Wouldn't it make it easier to work with pg_hba? If incoming
connections are coming through pg_hba then postmaster gets to accept
or refuse the connection based on the host and TLS information. If
it's listening on a separate port then unless that logic is duplicated
it'll be stuck in a parallel world with different security rules.

I'm not actually sure how to make this work. There's a feature in Unix
where a file descriptor can be passed over from one process to another
over a socket but that's gotta be a portability pain. And starting a
new worker for each incoming connection would be a different pain.

So right now I'm kind of guessing this might be just a hook in
postmaster that we can experiment with in the module. The hook would
just return a flag to postmaster saying the connection was handled.

> There's good and bad with it. The bug "good" with it is that it's an
> open standard (openmetrics). I think supporting that would be a very
> good idea. But it would also be good to have a different, "richer",
> format available. Whether it'd be worth to go the full "postgresql
> way" and make it pluggable is questionable, but I would suggest at
> least having both openmetrics and a native/richer one, and not just
> the latter. Being able to just point your existing monitoring system
> at a postgres instance (with auth configured) and have things just
> shows up is in itself a large value. (Then either pluggable or hooks
> beyond that, but having both those as native)

Ideally I would want to provide OpenMetrics data that doesn't break
compatibility with OpenTelemetry -- which I'm still not 100% sure I
understand but I gather that means following certain conventions about
metadata. But those standards only have quantitive metrics, no rich
structured data.

I assume the idea is that that kind of rich structured data belongs in
some other system. But I definitely see people squeezing it into
metrics. For things like replication topology for example.... I would
love to have a

Personally I feel similarly about the inefficiency but I think the
feeling is that compression makes it irrelevant. I suspect there's a
fair amount of burnout over predecessors like SNMP that went to a lot
of trouble to be efficient and implementations were always buggy and
impenetrable as a result. (The predecessor in Google had some features
that made it slightly more efficient too but also made it more
complex. It seems intentional that they didn't carry those over too)

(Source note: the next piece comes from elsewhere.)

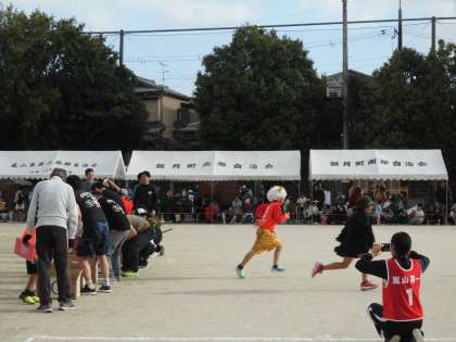 午後の部では各種団体が気持ちと呼吸を合わせて歩く「ムカデ競争」や,仮装が面白かった「PTA競技 みんなで変身!走ってGO!」,ラグビーボールをチームで送る競争「リレーボール」が行われました。

Fwiw one constant source of pain is the insistence on putting
everything into floating point numbers. They have 56 bits of precision
and that leaves us not quite being able to represent an LSN or 64-bit
xid for example.

--
greg

Re: Observability in Postgres

From

Magnus Hagander

Date:

15 February 2022, 22:37:07

On Tue, Feb 15, 2022 at 11:24 PM Greg Stark <stark@mit.edu> wrote:
>
> On Tue, 15 Feb 2022 at 16:43, Magnus Hagander <magnus@hagander.net> wrote:
> >
> > On Tue, Feb 15, 2022 at 1:30 PM Dave Page <dpage@pgadmin.org> wrote:
> > >
> > > - Does it really matter if metrics are exposed on a separate port from the postmaster? I actually think doing
thatis a good thing as it allows use of alternative listen addresses and firewalling rules; you could then confine the
monitoringtraffic to a management VLAN for example. 
> >
> > +1. I think it would be much better to keep it on a separate port.
> >
> > Doesn't even have to be to the point of VLANs or whatever. You just
> > want your firewall rules to be able to know what data it's talking
> > about.
>
> I would definitely want that to be an option that could be configured.
> If you're deploying a server to be accessible as a public service and
> configuring firewall rules etc then sure you probably want to be very
> explicit about what is listening where.
>
> But when you're deploying databases automatically in a clustered type
> environment you really want a service to deploy on a given port and
> have the monitoring associated with that port as well. If you deploy
> five databases you don't want to have to deal with five other ports
> for monitoring and then have to maintain a database of which
> monitoring ports are associated with which service ports.... It's
> definitely doable -- that's what people do today -- but it's a pain
> and it's fragile and it's different at each site which makes it
> impossible for dashboards to work out of the box.

I really don't see the problem with having the monitoring on a different port.

I *do* see the problem with having a different monitoring port for
each database in a cluster, if that's what you're saying. Definitely.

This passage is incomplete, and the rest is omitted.